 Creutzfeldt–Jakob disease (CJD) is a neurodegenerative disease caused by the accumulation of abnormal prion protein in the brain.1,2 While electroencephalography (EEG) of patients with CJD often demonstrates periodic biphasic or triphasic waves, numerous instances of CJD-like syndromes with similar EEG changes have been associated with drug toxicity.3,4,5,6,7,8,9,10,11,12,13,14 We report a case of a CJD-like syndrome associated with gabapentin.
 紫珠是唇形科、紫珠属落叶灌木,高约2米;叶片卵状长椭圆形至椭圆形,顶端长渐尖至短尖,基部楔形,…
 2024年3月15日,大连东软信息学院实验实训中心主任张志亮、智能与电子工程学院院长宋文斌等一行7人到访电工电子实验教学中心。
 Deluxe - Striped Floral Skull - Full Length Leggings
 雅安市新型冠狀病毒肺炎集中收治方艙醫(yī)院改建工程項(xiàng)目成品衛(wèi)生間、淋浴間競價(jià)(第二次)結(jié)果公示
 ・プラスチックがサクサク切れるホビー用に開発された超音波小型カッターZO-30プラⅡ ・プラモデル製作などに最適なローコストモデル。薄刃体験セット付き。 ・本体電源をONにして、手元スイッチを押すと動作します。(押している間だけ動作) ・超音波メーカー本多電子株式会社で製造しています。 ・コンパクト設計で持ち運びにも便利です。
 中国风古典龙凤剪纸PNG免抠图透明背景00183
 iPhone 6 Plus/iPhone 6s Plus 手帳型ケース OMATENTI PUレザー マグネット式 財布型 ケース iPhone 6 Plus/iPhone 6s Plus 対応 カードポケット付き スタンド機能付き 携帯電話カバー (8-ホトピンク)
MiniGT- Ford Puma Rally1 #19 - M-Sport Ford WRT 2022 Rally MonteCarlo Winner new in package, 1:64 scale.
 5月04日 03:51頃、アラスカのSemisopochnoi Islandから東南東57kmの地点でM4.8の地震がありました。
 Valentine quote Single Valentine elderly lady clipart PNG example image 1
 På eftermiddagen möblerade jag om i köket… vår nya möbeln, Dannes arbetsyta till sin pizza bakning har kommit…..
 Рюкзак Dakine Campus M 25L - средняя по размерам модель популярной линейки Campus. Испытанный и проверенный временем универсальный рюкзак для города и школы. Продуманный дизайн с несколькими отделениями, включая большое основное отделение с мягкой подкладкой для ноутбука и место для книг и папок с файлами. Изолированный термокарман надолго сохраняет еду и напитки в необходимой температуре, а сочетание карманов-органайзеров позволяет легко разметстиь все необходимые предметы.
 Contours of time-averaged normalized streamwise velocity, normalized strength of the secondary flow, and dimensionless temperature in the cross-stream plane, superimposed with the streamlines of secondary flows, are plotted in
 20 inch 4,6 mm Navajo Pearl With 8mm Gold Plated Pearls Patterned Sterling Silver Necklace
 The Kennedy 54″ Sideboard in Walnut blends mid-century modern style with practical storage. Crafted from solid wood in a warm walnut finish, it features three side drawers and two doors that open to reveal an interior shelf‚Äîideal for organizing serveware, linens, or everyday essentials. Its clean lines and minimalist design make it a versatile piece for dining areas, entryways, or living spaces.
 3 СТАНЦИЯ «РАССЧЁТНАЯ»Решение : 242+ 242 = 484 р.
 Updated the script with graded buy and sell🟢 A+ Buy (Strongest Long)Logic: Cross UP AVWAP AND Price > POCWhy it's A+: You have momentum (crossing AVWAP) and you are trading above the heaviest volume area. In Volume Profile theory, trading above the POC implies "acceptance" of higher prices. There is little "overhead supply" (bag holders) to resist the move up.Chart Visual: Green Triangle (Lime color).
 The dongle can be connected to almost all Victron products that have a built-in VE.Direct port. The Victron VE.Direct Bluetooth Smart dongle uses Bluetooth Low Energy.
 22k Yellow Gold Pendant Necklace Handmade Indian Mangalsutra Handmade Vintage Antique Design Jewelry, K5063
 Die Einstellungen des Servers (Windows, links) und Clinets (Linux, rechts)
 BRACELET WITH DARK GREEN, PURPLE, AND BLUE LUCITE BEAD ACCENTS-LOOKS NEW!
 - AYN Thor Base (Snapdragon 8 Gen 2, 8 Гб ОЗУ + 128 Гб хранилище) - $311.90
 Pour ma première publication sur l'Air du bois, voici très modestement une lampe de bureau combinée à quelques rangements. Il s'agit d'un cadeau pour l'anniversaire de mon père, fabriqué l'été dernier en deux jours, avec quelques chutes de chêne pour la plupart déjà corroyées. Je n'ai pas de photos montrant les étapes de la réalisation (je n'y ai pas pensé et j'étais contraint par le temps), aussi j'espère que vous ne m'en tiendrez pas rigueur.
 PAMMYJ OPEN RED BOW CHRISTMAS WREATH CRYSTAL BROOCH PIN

..........

REQUIREMENT =
Here the job is to set down exactly the lines of the material above that fall between the one with "MiniGT- Ford Puma" and the one with "På eftermiddagen möblerade", inclusive, and nothing beyond them.

RESULT OF THE TASK =
MiniGT- Ford Puma Rally1 #19 - M-Sport Ford WRT 2022 Rally MonteCarlo Winner new in package, 1:64 scale.
 5月04日 03:51頃、アラスカのSemisopochnoi Islandから東南東57kmの地点でM4.8の地震がありました。
 Valentine quote Single Valentine elderly lady clipart PNG example image 1
 På eftermiddagen möblerade jag om i köket… vår nya möbeln, Dannes arbetsyta till sin pizza bakning har kommit…..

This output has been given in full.